====== Records supplied
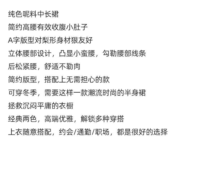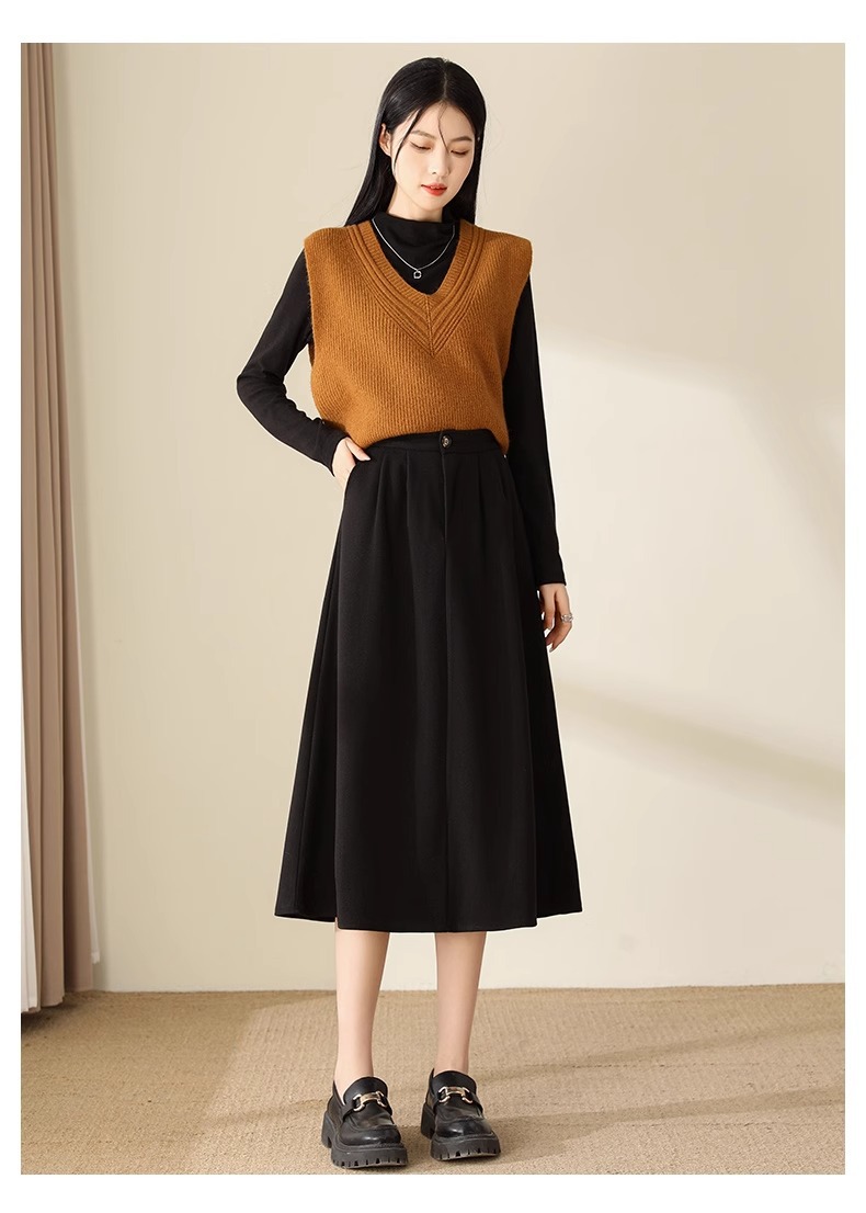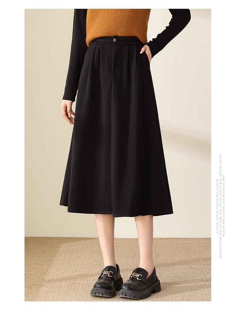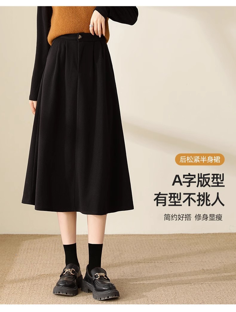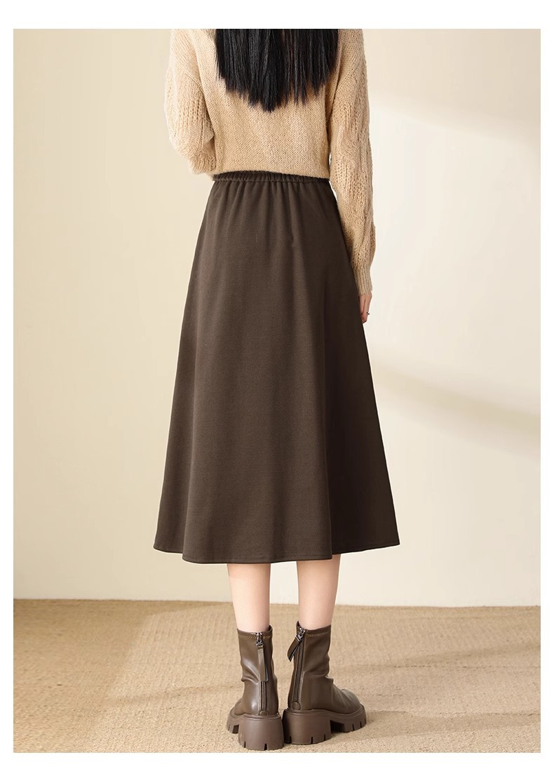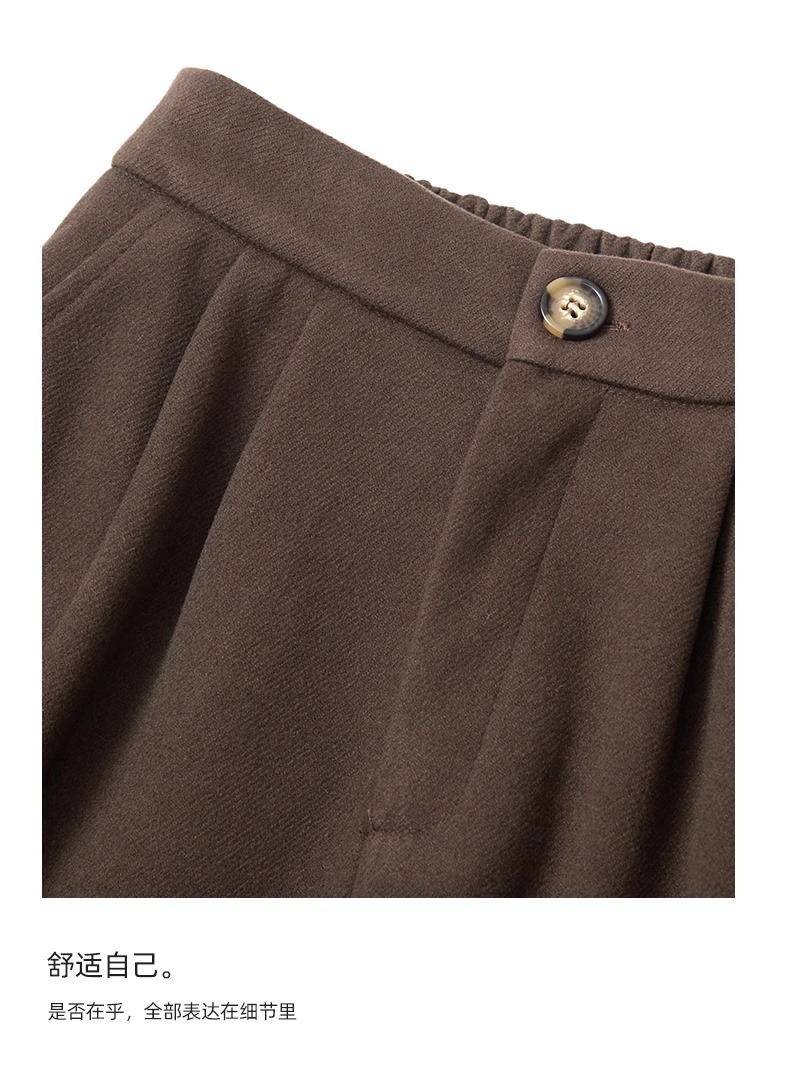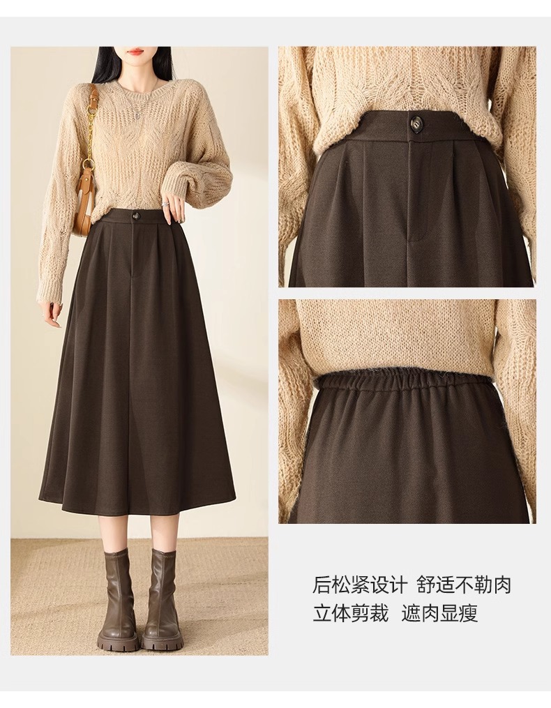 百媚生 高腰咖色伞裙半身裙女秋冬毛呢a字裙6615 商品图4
============
====== Records supplied
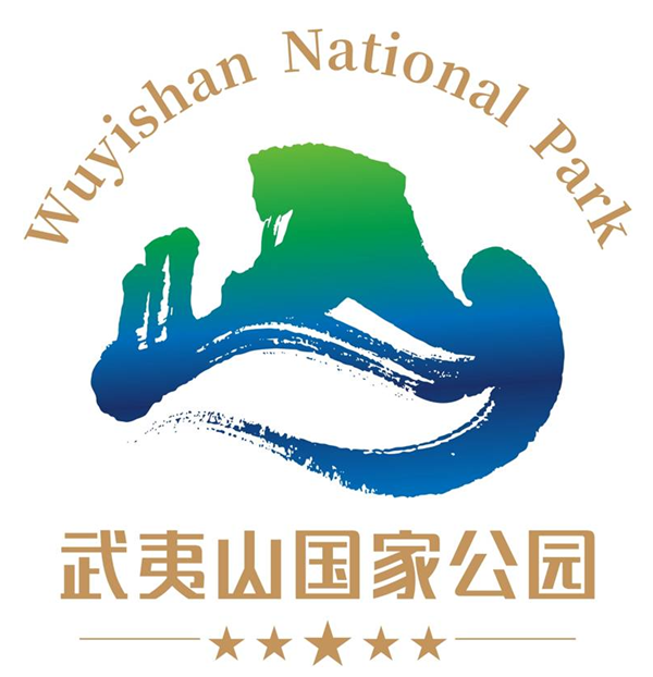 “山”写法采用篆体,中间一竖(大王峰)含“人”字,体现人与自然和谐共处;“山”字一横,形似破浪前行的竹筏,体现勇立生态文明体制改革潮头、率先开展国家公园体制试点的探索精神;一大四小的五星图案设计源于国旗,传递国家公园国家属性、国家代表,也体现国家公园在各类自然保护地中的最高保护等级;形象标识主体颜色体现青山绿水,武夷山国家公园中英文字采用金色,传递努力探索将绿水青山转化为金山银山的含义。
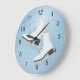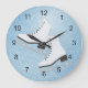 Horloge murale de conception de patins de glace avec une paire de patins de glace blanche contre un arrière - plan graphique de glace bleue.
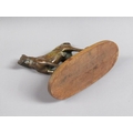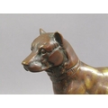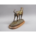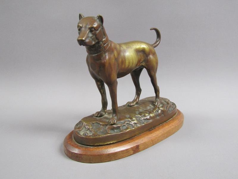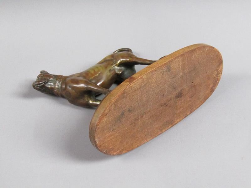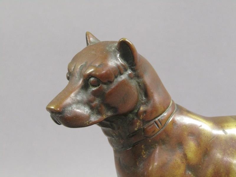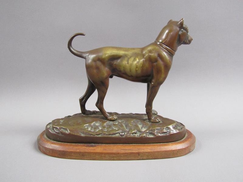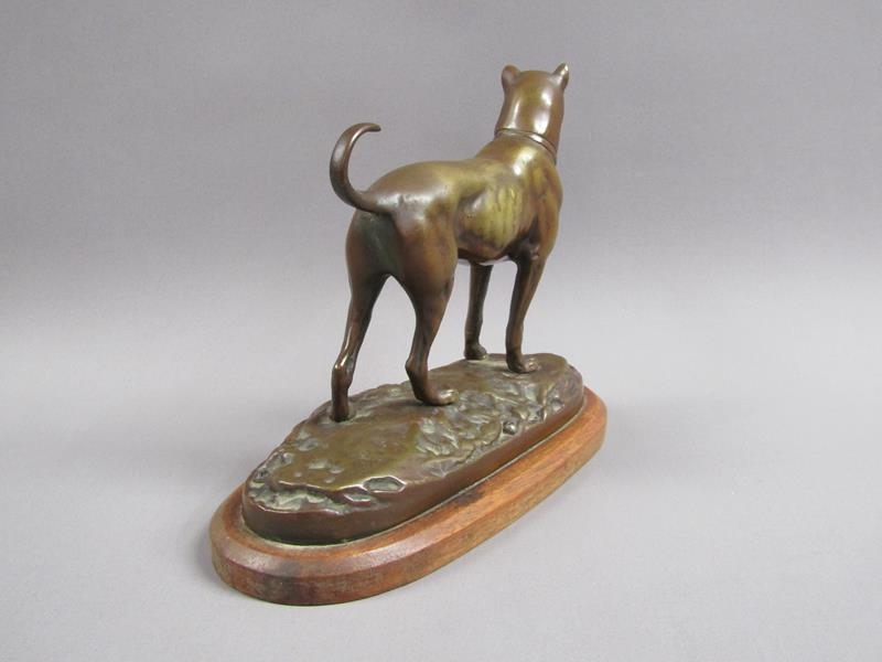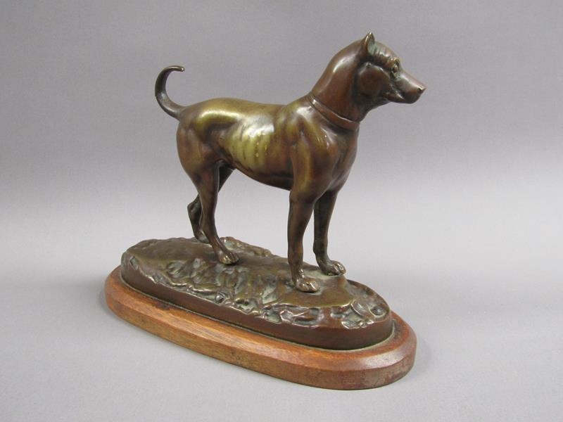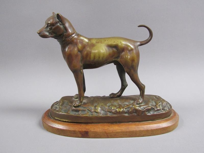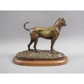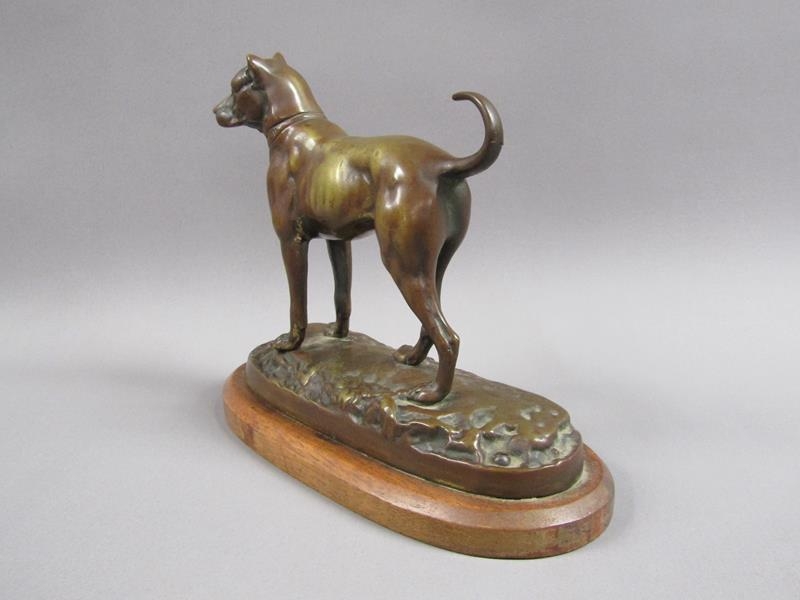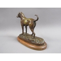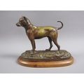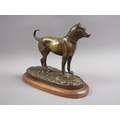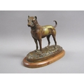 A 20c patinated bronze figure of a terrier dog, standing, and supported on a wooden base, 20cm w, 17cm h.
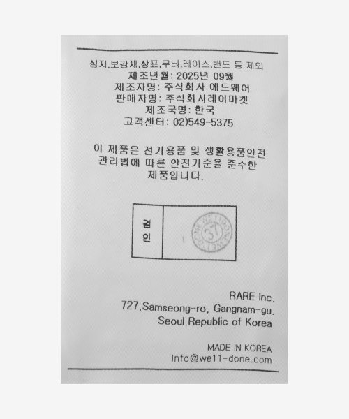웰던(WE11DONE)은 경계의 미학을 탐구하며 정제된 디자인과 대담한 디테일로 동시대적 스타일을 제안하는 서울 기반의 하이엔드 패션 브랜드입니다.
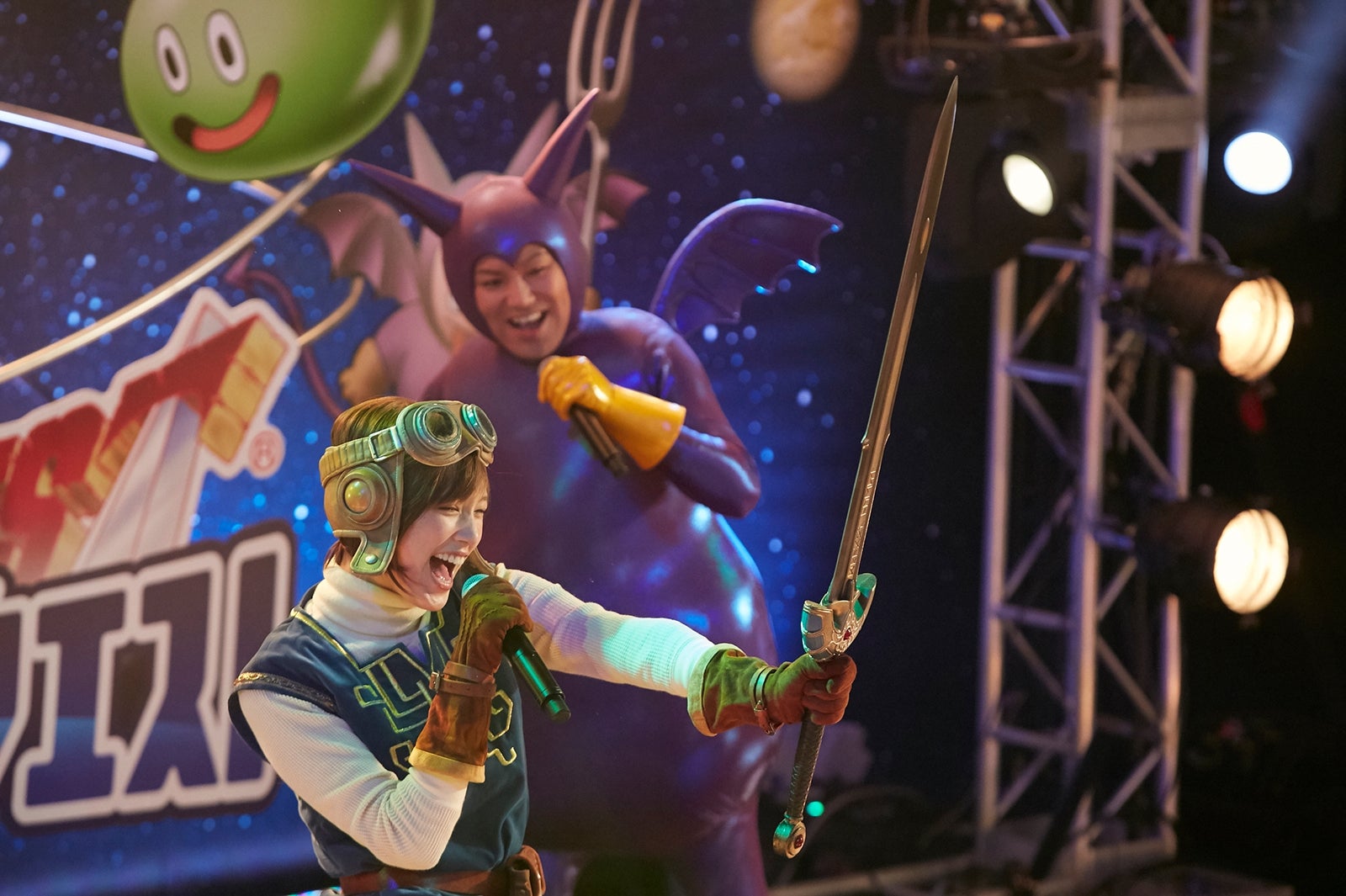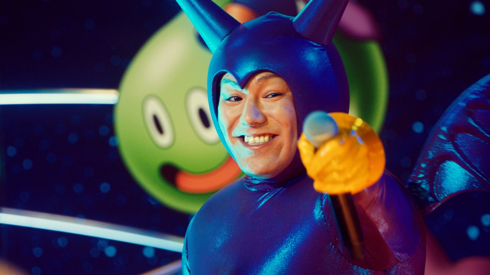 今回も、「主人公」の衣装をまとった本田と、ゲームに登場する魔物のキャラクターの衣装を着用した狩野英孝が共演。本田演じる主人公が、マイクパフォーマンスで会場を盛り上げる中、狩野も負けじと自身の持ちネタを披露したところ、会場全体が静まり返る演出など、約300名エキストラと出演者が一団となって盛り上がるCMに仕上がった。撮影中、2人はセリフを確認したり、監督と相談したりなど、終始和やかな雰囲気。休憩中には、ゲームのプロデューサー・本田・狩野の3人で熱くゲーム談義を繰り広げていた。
============
====== Records supplied
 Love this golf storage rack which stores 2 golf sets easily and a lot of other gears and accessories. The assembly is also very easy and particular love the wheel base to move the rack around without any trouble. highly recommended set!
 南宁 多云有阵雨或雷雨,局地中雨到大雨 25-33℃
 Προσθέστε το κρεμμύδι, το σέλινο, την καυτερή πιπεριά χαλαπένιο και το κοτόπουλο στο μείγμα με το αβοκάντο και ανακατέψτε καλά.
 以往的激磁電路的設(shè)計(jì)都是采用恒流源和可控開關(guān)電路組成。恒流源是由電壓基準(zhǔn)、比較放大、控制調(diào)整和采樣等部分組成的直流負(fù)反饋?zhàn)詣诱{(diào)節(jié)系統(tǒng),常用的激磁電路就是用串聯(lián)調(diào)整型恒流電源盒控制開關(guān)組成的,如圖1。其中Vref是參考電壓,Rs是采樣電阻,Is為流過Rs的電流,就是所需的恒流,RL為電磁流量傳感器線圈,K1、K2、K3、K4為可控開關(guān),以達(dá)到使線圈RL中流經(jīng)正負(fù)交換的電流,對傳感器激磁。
============
Activity.
Word for word, restate the lines above from the one with "A 20c patinated" through the one with "웰던(WE11DONE)은 경계의 미학을", keeping both ends and dropping the pictures.

Written response.
 A 20c patinated bronze figure of a terrier dog, standing, and supported on a wooden base, 20cm w, 17cm h.
웰던(WE11DONE)은 경계의 미학을 탐구하며 정제된 디자인과 대담한 디테일로 동시대적 스타일을 제안하는 서울 기반의 하이엔드 패션 브랜드입니다.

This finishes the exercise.